American writer and lawyer

Kermit Roosevelt III (born July 14, 1971) is an American author, lawyer, and David Berger Professor for the Administration of Justice at the University of Pennsylvania Law School. He was a law clerk for U.S. Supreme Court Justice David Souter in 1999–2000, and has specialized in his academic work in constitutional law and conflict of laws.

He is a great-great-grandson of U.S. President Theodore Roosevelt and a distant cousin of President Franklin D. Roosevelt.

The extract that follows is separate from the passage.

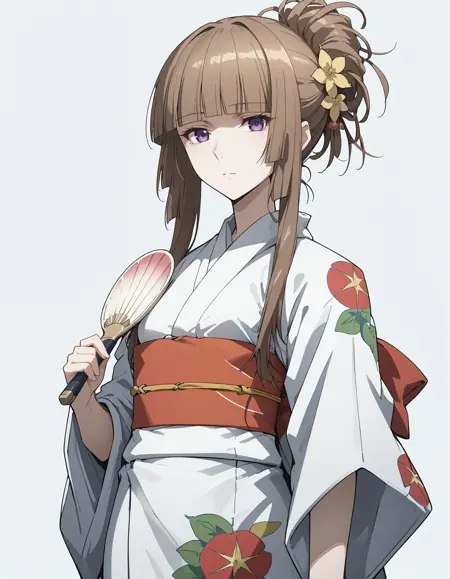 hair up,japanese clothes,kimono,yukata,hair ornament,hand fan || *prompt " long hair" can be remove if wanted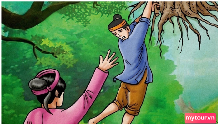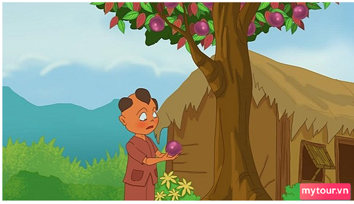 Nhờ sự chăm chỉ và tài trí thông minh, Mai An Tiêm trồng vườn quả ngọt từ hạt đen rơi từ trên trời. Anh đổi quả này lấy lương thực lo cho gia đình.

==Early life and education==
Roosevelt was born in Washington, D.C., on July 14, 1971. His father, also named Kermit, was a son of Kermit Roosevelt Jr. and a great-grandson of President Theodore Roosevelt. He graduated from St. Albans School (where he was a Presidential Scholar), Harvard University, and Yale Law School. He was a law clerk for Judge Stephen F. Williams of the D.C. Circuit, and then clerked for at the US Supreme Court for Justice David Souter.

==Career==
Roosevelt worked as a lawyer with Mayer Brown in Chicago from 2000 to 2002 before joining the Penn Law faculty in 2002. He was an assistant professor, from 2002 to 2007, and Professor of Law (Conflict of Laws, Constitutional Law), from 2007 to 2021, when he was appointed as David Berger Professor for the Administration of Justice.

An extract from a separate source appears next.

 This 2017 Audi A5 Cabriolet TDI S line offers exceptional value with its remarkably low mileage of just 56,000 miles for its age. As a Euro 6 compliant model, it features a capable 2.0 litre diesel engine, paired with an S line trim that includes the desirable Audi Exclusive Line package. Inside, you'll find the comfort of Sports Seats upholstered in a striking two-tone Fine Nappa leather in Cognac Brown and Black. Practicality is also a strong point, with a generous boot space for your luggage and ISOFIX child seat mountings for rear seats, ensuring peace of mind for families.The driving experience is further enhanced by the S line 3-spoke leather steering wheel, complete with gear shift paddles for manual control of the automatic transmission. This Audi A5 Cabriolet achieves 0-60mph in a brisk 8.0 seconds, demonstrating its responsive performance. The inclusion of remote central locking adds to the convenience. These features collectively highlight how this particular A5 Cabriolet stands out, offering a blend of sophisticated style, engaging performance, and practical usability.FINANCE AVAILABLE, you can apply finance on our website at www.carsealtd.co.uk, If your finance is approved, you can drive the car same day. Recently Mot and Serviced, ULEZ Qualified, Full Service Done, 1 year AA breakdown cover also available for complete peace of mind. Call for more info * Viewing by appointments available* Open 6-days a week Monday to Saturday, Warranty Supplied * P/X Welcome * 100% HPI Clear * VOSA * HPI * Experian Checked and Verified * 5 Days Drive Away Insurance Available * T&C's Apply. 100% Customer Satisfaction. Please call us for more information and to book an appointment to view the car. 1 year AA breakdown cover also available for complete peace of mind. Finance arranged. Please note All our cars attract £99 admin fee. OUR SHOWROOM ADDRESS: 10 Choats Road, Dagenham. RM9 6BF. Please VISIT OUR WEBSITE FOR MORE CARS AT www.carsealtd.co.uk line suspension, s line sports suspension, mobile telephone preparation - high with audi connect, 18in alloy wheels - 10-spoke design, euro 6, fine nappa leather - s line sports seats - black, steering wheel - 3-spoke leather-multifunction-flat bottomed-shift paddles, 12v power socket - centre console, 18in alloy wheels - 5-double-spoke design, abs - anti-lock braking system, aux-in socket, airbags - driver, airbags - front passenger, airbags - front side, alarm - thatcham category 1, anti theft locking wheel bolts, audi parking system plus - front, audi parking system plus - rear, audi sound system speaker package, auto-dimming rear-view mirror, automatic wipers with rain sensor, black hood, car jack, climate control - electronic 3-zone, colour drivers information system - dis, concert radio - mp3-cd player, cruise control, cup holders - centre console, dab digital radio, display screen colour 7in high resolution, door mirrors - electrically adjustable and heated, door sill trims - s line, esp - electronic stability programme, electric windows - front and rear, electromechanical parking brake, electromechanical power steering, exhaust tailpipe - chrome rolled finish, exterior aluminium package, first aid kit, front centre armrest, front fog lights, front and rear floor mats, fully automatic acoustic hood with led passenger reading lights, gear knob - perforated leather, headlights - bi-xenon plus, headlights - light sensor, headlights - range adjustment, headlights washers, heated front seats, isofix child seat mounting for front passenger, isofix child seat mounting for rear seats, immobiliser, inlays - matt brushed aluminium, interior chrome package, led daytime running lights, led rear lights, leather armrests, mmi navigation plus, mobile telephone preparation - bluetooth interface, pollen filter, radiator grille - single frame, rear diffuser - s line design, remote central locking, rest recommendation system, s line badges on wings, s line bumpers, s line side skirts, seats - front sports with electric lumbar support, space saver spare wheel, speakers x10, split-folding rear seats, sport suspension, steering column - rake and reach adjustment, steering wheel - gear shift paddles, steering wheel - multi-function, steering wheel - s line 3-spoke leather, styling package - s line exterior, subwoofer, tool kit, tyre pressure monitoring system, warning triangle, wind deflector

Roosevelt's areas of academic interest include conflicts of law and constitutional law. His articles have been cited twice by the United States Supreme Court and numerous times by state and lower federal courts. His scholarly publications include "Resolving Renvoi: the Bewitchment of Our Intelligence by Means of Language," University of Notre Dame Law Review (2005).

Roosevelt has also written two novels, both of which dramatize legal issues.

He gave a TEDx talk in June 2016 entitled "Myth America: The Declaration, the Constitution, and Us."

==Activities==
In May 2016, Roosevelt and Karen Korematsu (daughter of a prominent American opponent of Japanese-American internment during World War 2) were featured speakers at a National Constitution Center program. It is the first time a member of the Roosevelt family and a member of the Korematsu family appeared in a public forum.

Roosevelt is a Distinguished Research Fellow of the Annenberg Public Policy Center at the University of Pennsylvania and a member of the American Law Institute. In November 2014, the American Law Institute announced that Roosevelt had been selected as the Reporter for the Third Restatement of Conflict of Laws.

==Reception of novels==
Roosevelt's first novel, In the Shadow of the Law, had generally positive reviews. It was a Christian Science Monitor Best Book of the Year. Alan Dershowitz, writing in The New York Times, said that the book "suffers from the showoffy-ness of an aspiring artiste" but recommended it "with real enthusiasm" because its critique of legal firms "rings true of all too many corporate law factories."

Roosevelt's second novel, Allegiance, published in 2015, was a Harper Lee Prize finalist. It received favorable reviews in The Wall Street Journal ("well worth reading") and The Richmond Times-Dispatch ("splendid, troubling, and authoritative") and a starred review from Publishers Weekly. The story examines U.S. national security policies during World War II, focusing on President Franklin D. Roosevelt's Executive Order 9066, which authorized the internment of Japanese Americans.

==Books==

===Nonfiction===
- Kermit Roosevelt III (2006). "The Myth of Judicial Activism: Making Sense of Supreme Court Decisions"
- Kermit Roosevelt III (2010). "Conflict of Laws"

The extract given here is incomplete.